昨日まではいなかった小人のトニーとともに。
トニーはそこそこ値の張るテーブルの上に胡座をかいてぼくのそこそこ有名なパン屋で買ったトーストの切れ端をバクバク食べている。勝ち誇った顔で。
逆にぼくはうさぎみたいにちまちま食べている。なんか胃が重たくなったのだ。
原因は言わずと知れた事。
トニーの言った通り、会社が休日になったのだ。急遽。
ゴリラ所長に電話をして詳細を聞いたぼくはガクッと力が抜け、そして呆れた。
休みになった理由は社長のお母さんが亡くなって社員全員で喪に服せ、との専務命令が下ったからだ。
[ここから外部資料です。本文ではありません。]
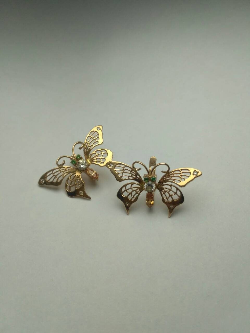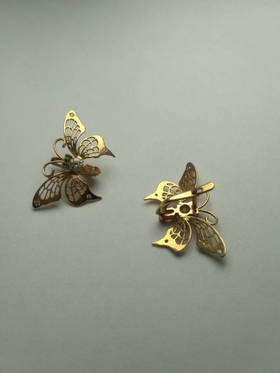 butterfly earrings gold 14 k. butterfly earrings gold . delicate tiny earrings . jewelry butterfly . pink earrings . animal earrings . wing
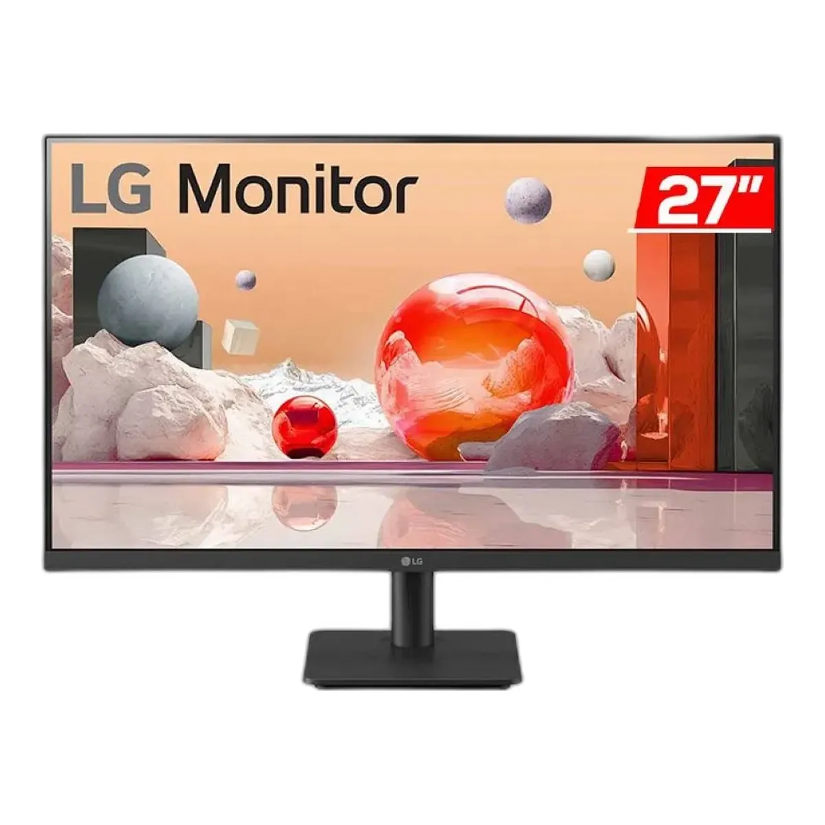 O Monitor LG 27MS500-B possui painel IPS de 27 polegadas com resolução Full HD (1920x1080), taxa de atualização de 100Hz, tempo de resposta de 5ms e design 3-Side Borderless com bordas finas em três lados. O modelo inclui 2 entradas HDMI 1.4, saída de áudio P2 estéreo, suporte VESA 75x75mm e cabo HDMI na caixa.
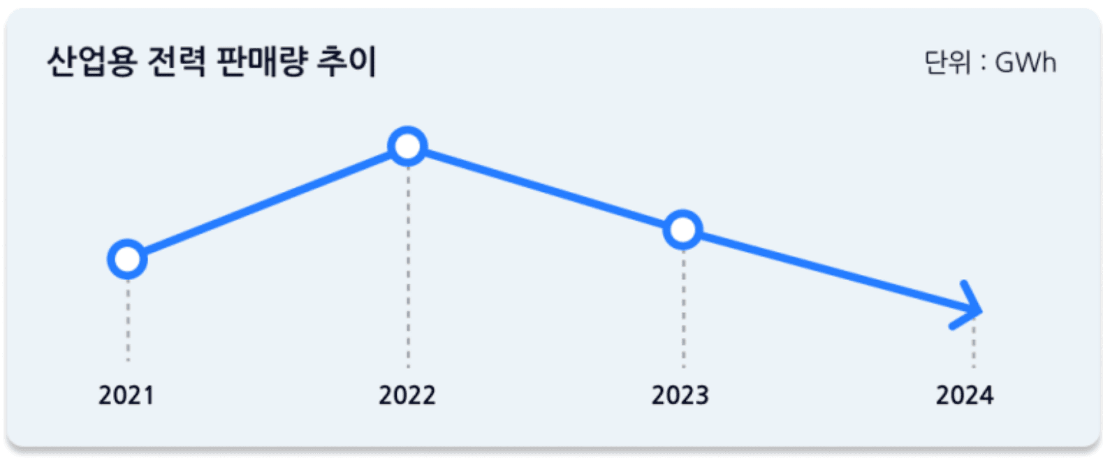 국내 제조업 위축으로 산업용 전력 판매량이 2년 연속 감소했으며, 올해도 3년 연속 감소 가능성이 제기되고 있습니다. 건설 경기 침체와 내수 부진으로 공장 가동을 중단하는 기업이 늘고, 산업용 전기요금 인상까지 겹쳐 부담이 가중되고 있는 것으로 보이는데요. 특히 제조업 전력 사용량은 자동차, 기계 장비 등 주요 업종에서 큰 폭으로 줄었고, 이는 경기 침체의 심각성을 보여주는 지표로 볼 수 있습니다.

「本日は社員全員で自宅にて冥福を祈る事。外出は厳禁。なお、明日は通常業務の事」
社長への媚びがムンムンの通達である。下心満載だ。社風が見てとれる。
社員には親が死んでも休むなと言うくせに社長の場合は休めとはなんたる言い草。
そりゃぼくにも親がいる。親がいるからぼくがいる。親や家族が亡くなる哀しみはわかるけど強要するものではない。
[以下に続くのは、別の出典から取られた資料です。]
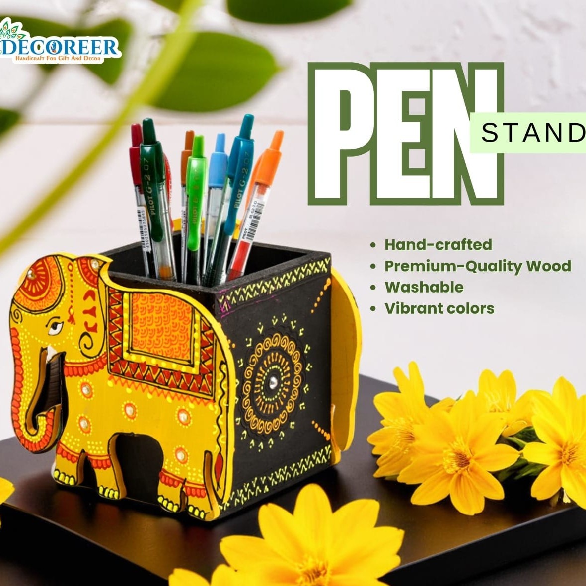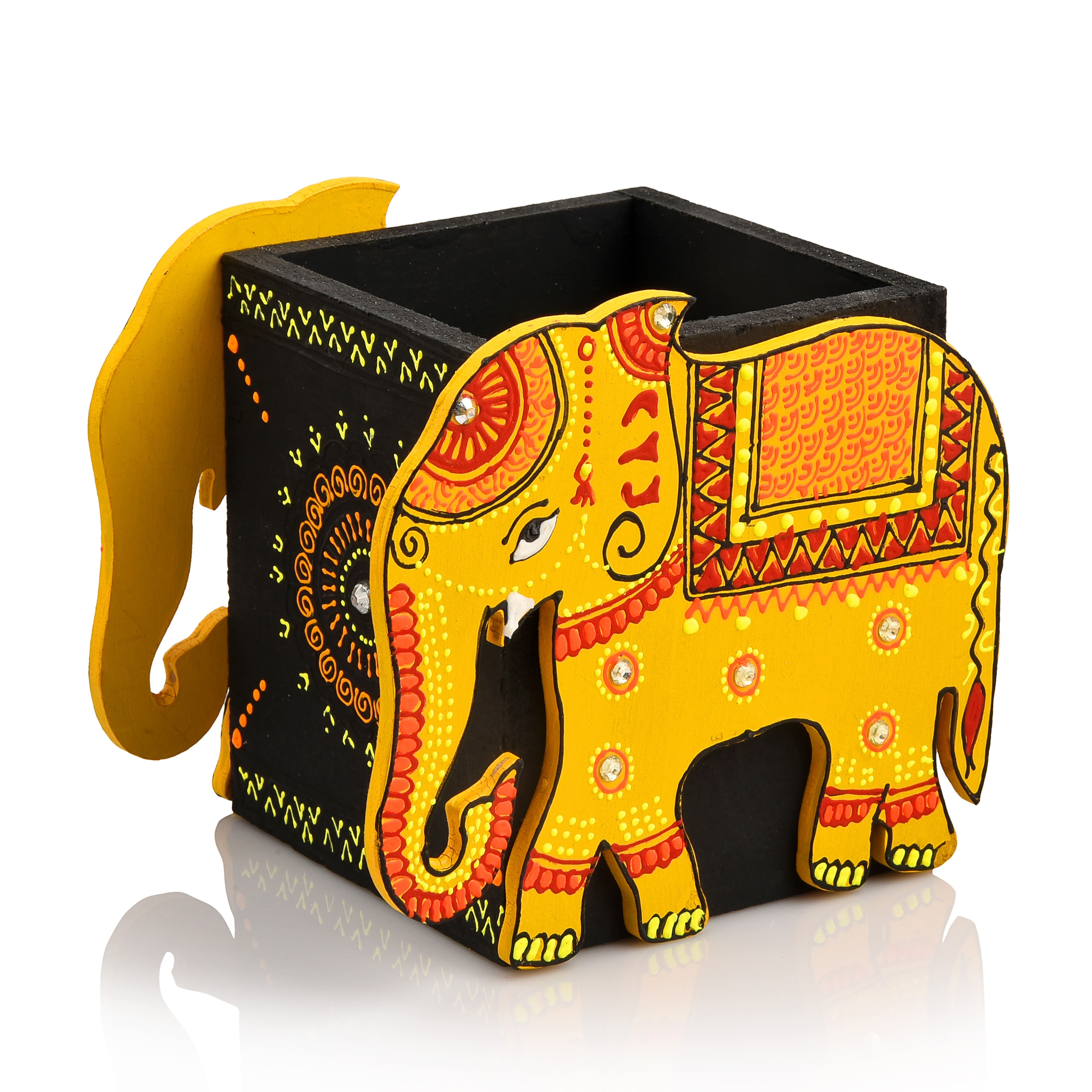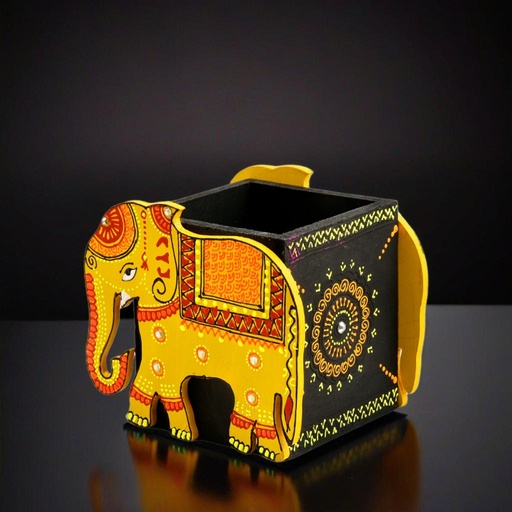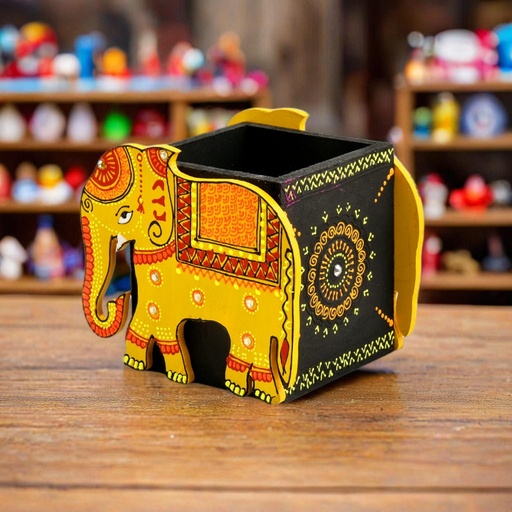 Brighten up your desk with this charming handcrafted yellow wooden elephant pen stand, inspired by traditional Indian folk art. Painted in vibrant shades of yellow, orange, and red, this pen holder features intricate mandala motifs and fine detailing on the elephant’s body and saddle. Perfect for storing pens, pencils, makeup brushes, or even cutlery, this versatile piece doubles as both a utility item and a decorative accent. Ideal for home, office, or gifting, this elephant-themed wooden stand adds a pop of color and culture to any space.

しかも外出厳禁とは。休んでいいが、遊びに行くな、である。
憲法で保障された権利を教えて、誰か。
ぼくは盛大にため息をついた。だって無視して出かけると十中八九バレるから。
三十分おきに確認の電話をかかけて来るだろうし、一時間毎に自宅訪問を実施する。
そういうところの労力を惜しまない会社なのだ。
ウソつきはウソをつかれるのがキライのようだ。
「な?俺が言った通りだろ?良かったな、休みになって。こう言うの何て言うんだっけ?棚からぼた餅?」
トニーがズズッとコーヒーをすすった。エスプレッソ用の小さなカップでもトニーには鍋だ。立って飲んでいる。
ぼくには青天の霹靂にしか思えない。とにかくラッキーではない。
「俺と一緒なら毎日こんな感じだぜ。こんな人生最高だろ?俺と一緒にいたくなった?」
トニーはニンマリした。
断られる事など微塵も考えにない顔である。何なら自分の部屋をどこにするか、あるいは晩ごはんのリクエストでも考えていそうだ。
確かにトニーの能力は魅力的だ。
それは認める。
最初は驚き、身を引いた。だけどそれはきっとサーモンのお寿司みたいなものだ。
最初は驚く。サーモンのお寿司なんて聞いた事ない。一口食べてみる。美味しい。
サーモンのお寿司は美味しい。
トニーの能力もきっとおいしい。
そういう事だ。
ぼくはこの短い時間でトニーという小人をすでに抵抗なく受け入れている。そしてトニーとの今後の付き合いも想像し、想定している。
今、ぼくは一度断ってトニーのびっくりする顔が見たいというイジワルと、トニーの食器をどうするか、という事で頭が占められつつある。
「おっ。その顔。その気になった?こんなお買い得なものどこ探してもないからな。お前本当ラッキーだよ」
トニーはポケットからハンカチを取りだし口元を丁寧に拭った。
ぼくはトニーの一言で冷や水を浴びせられた感じがした。お買い得?
「おいおい、どうしたんだよ。何今度は驚いてんの?あれ?ひょっとしてタダだと思ってた?あのなあ、これプレゼントとかじゃないの。俺は自分の能力を買ってもらいに来たの。お前と一緒。営業だよ。仕事だよ」
ぼくは目をパチクリさせた。
「最初に言わなかったのは悪かったと思うよ。でもお前も甘いよ。無償の行為なんて一番高くつくんだよ。好意は違うよ?欲しいものがあったらその分の対価を払うのが普通だよ。俺がいくら小人だからってメルヘンと勘違いしてもらっちゃ困る」
ぼくは身に詰まされた。甘さが人を堕落させる。美味しいケーキでも毎日食べれば毒になる。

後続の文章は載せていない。